• Aim of the task: Produce a verbatim copy of the data below that contains no pictures.

• Records for the task:
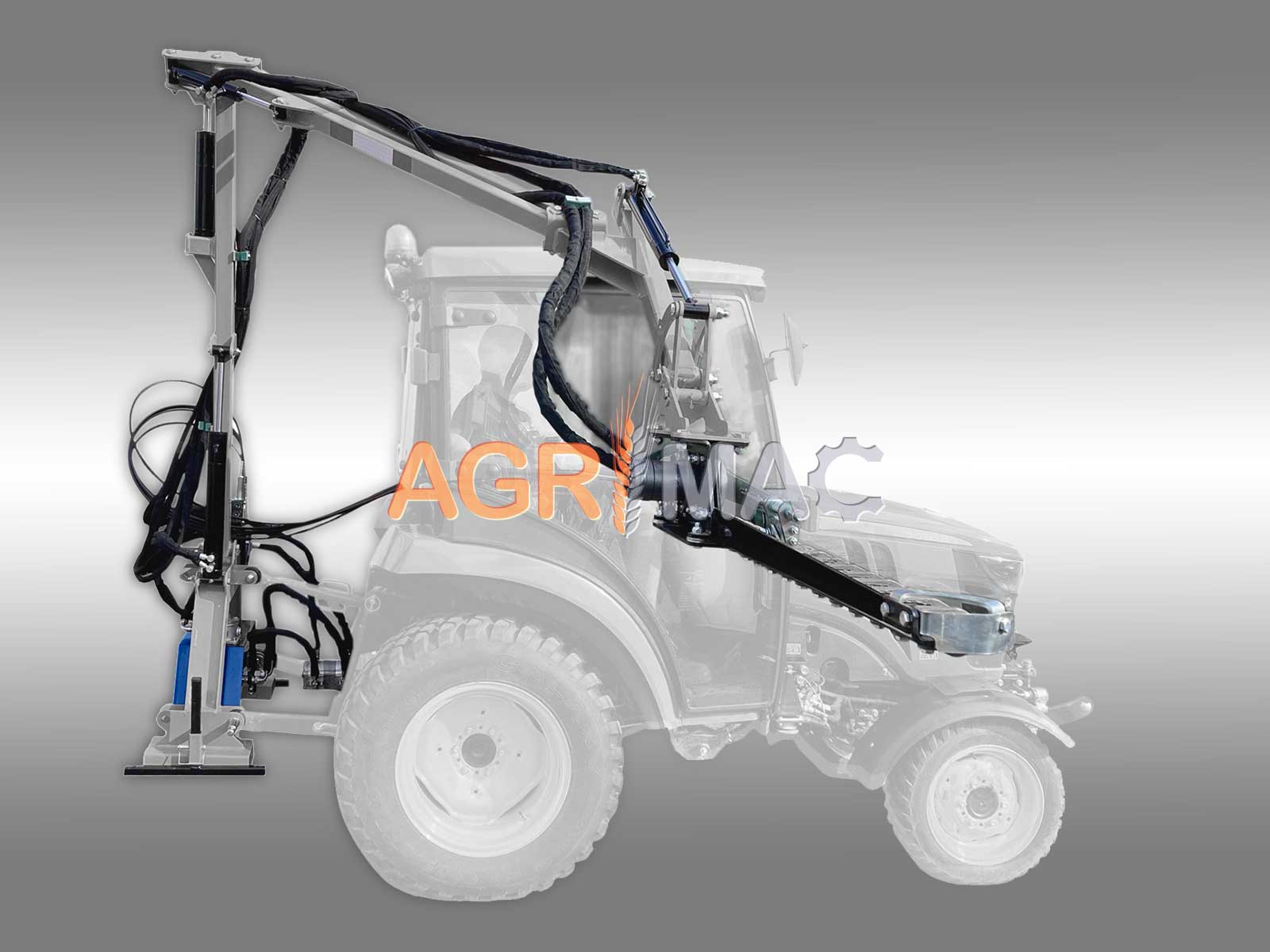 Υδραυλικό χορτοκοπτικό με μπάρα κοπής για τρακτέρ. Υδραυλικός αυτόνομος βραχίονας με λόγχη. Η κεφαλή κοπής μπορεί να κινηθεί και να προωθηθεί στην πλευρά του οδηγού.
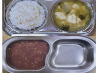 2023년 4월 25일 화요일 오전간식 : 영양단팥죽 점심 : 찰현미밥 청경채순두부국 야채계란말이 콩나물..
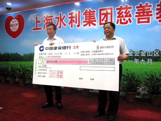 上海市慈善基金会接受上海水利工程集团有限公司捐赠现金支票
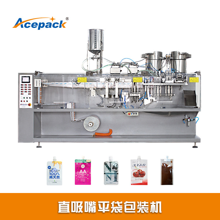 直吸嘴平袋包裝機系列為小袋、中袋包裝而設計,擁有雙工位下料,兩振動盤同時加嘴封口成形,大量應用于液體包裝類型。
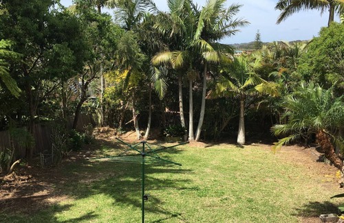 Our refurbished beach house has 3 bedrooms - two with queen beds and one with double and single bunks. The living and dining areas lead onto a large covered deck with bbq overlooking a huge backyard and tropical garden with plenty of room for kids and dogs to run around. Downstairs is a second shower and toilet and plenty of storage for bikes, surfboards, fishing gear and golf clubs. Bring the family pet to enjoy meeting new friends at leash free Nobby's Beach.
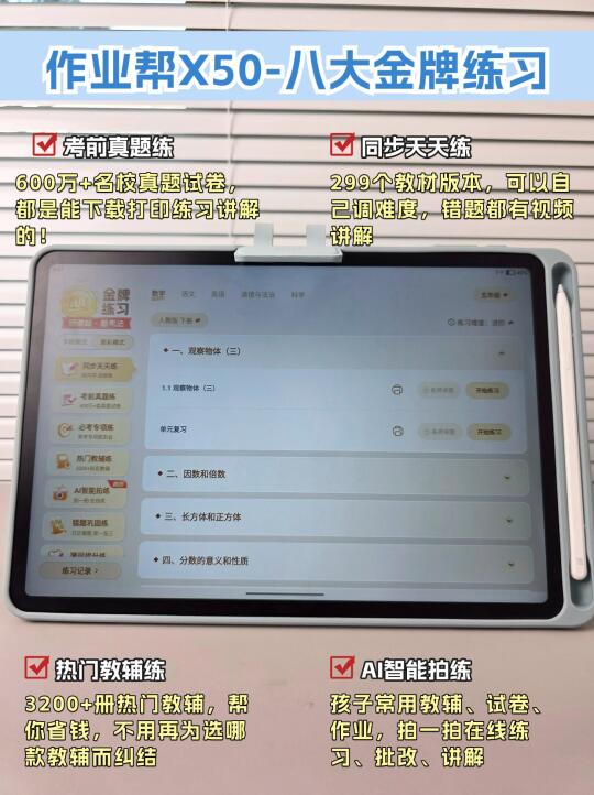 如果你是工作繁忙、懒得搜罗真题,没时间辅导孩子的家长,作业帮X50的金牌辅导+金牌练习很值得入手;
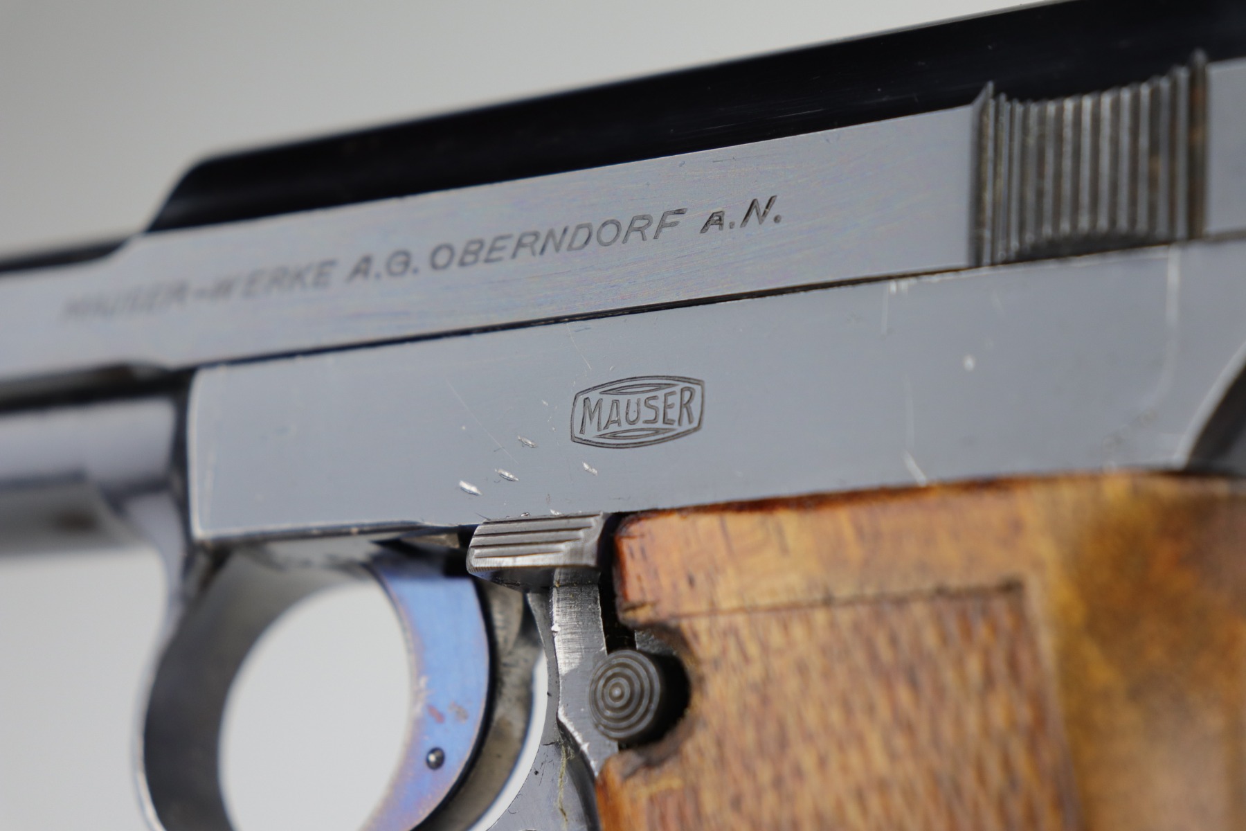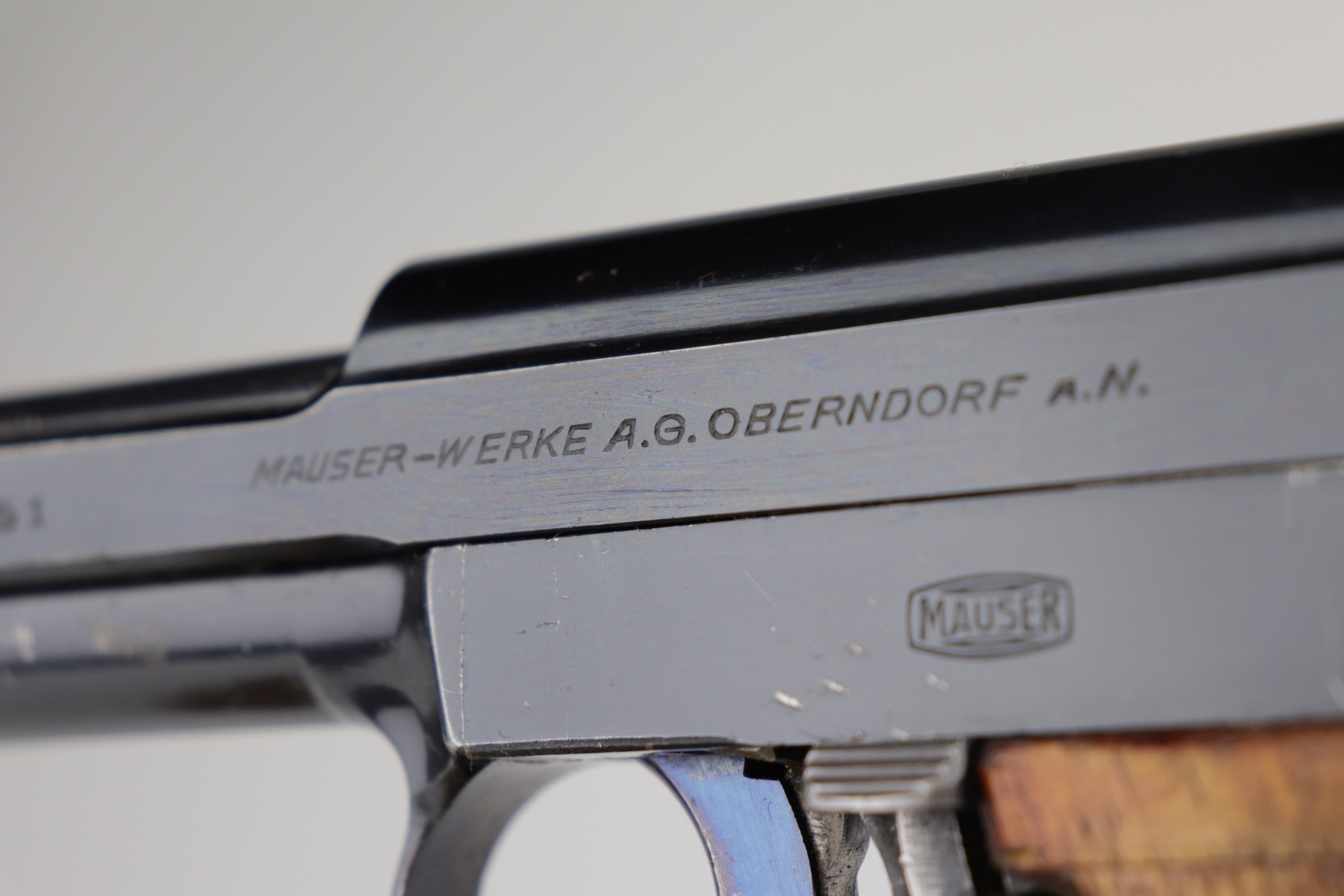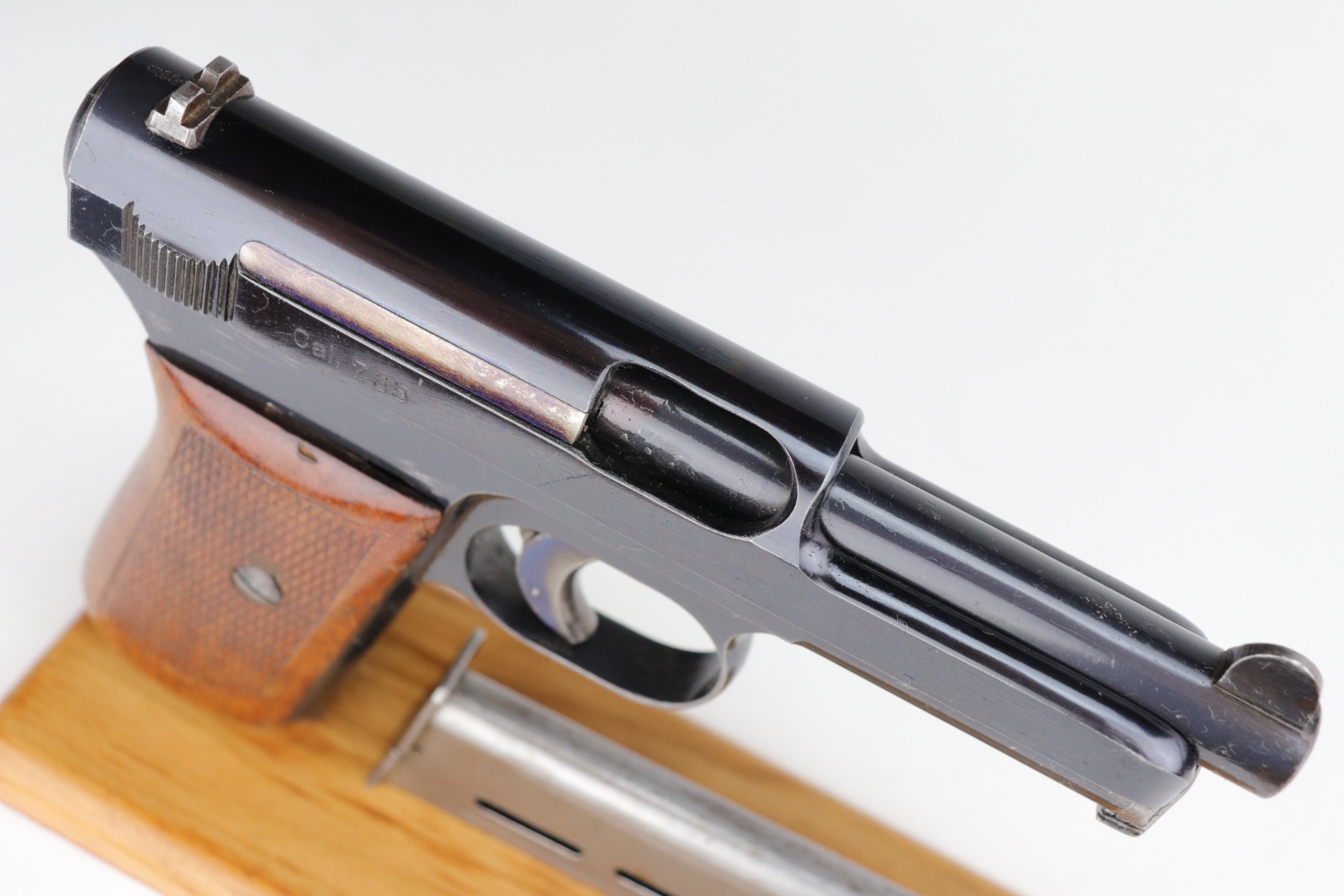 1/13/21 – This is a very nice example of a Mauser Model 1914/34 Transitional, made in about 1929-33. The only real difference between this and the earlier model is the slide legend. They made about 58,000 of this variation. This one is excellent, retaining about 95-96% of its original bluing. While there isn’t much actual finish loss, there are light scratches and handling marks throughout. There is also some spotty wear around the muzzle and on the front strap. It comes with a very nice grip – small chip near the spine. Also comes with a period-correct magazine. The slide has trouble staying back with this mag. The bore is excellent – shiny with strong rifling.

• Expected output:
 Υδραυλικό χορτοκοπτικό με μπάρα κοπής για τρακτέρ. Υδραυλικός αυτόνομος βραχίονας με λόγχη. Η κεφαλή κοπής μπορεί να κινηθεί και να προωθηθεί στην πλευρά του οδηγού.
 2023년 4월 25일 화요일 오전간식 : 영양단팥죽 점심 : 찰현미밥 청경채순두부국 야채계란말이 콩나물..
 上海市慈善基金会接受上海水利工程集团有限公司捐赠现金支票
 直吸嘴平袋包裝機系列為小袋、中袋包裝而設計,擁有雙工位下料,兩振動盤同時加嘴封口成形,大量應用于液體包裝類型。
 Our refurbished beach house has 3 bedrooms - two with queen beds and one with double and single bunks. The living and dining areas lead onto a large covered deck with bbq overlooking a huge backyard and tropical garden with plenty of room for kids and dogs to run around. Downstairs is a second shower and toilet and plenty of storage for bikes, surfboards, fishing gear and golf clubs. Bring the family pet to enjoy meeting new friends at leash free Nobby's Beach.
 如果你是工作繁忙、懒得搜罗真题,没时间辅导孩子的家长,作业帮X50的金牌辅导+金牌练习很值得入手;
 1/13/21 – This is a very nice example of a Mauser Model 1914/34 Transitional, made in about 1929-33. The only real difference between this and the earlier model is the slide legend. They made about 58,000 of this variation. This one is excellent, retaining about 95-96% of its original bluing. While there isn’t much actual finish loss, there are light scratches and handling marks throughout. There is also some spotty wear around the muzzle and on the front strap. It comes with a very nice grip – small chip near the spine. Also comes with a period-correct magazine. The slide has trouble staying back with this mag. The bore is excellent – shiny with strong rifling.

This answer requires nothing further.